Chegou a hora da demonização dos ‘marmiteiros’
Mário Magalhães
Um breve preâmbulo, sem intenção professoral: com o fim da ditadura do Estado Novo (1937-1945), sobreveio a eleição presidencial direta, em 2 de dezembro 1945. Os dois candidatos mais fortes eram altos oficiais das Forças Armadas: Eurico Dutra, do Exército, e Eduardo Gomes, da Aeronáutica. Deposto, o ditador Getulio Vargas apoiou Dutra. Sem traquejo político, o brigadeiro falou com desprezo da malta getulista que sufragaria o marechal. Um acólito de Vargas copidescou com malícia a declaração, espalhando que Eduardo Gomes zombara dos ''marmiteiros''. Isto é, maldissera o povo simples, que levava comida em marmita para o trabalho.
A versão pegou, e ajudou Dutra a jantar Eduardo Gomes nas urnas.
Desde então, embora a expressão marmiteiros tenha caído no esquecimento, em todas as eleições os eleitores mais pobres são menosprezados como ignorantes que, como diria o Pelé, não sabem votar.
Isso vai acontecer de novo agora.
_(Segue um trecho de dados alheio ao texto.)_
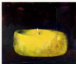
CANDLE BY BERINA KOKONA

According to the Decision of Council of Minister no.414, dated 27.06. 2012 “On some amendments in the Decision of Council of Ministers no.1114, dated 30.07.2008 “On some issues for the implementation of the law no.7703, dated 11. 5.1993 “On social security in the Republic of Albania”, as amended, and law no.9136, dated 11.9.2003 “On the collection of the mandatory contributions of social security and health insurance in the Republic of Albania”, as amended, and law no.7870, dated 13.10.1994 “On health insurance in the Republic of Albania”, the minimum monthly salary for the purposes of the calculation of social security and health insurance contributions is now 18,295.00 Leke (approximately 133 Euro) whereas the maximum salary is 91,475.00 Leke (approximately 666 Euro) .
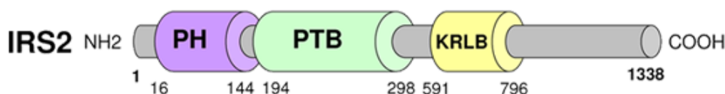
Figure 1. Schematic structure of IRS2. The pleckstrin homology (PH) domain (purple), phosphotyrosine binding (PTB) domain (green) and kinase regulatory loop binding domain (KRLB) are illustrated in the Figure. Amino acid (aa) positions are indicated.

IRS2 belongs to the insulin receptor substrate (IRS) protein family, which is characterized by the presence of a pleckstrin homology (PH) domain and a phosphotyrosine binding (PTB) domain (Figure 1) in their protein structure. The PH domain contributes to protein-protein binding and facilitates the recruitment of IRS proteins by cell membrane receptors.

Muitos sabichões tripudiarão sobre cidadãos _sem muitos direitos da cidadania, mas cidadãos_ como aqueles que ganham até dois salários mínimos, sejam eles eleitores da presidente Dilma Rousseff, que vai ganhar fácil o primeiro turno (mas provavelmente com menos de 50%), ou do governador Geraldo Alckmin, que em proporção terá ainda mais votos.
Para certos ditos bem esclarecidos, o povão inculto não sabe escolher.
Não imaginam esses demofóbicos, para empregar a sacada do jornalista Elio Gaspari, que os brasileiros mais pobres provavelmente têm mais consciência ao votar.
Porque da sua decisão pode depender um prato de comida, a escola para o filho e a chance de transformar em realidade o sonho de uma casa.
Nem o tempo apaga a intolerância: determinada intelligentsia vai continuar detonando os marmiteiros, que como sempre sabem o que fazem e querem ao digitar os números nas urnas.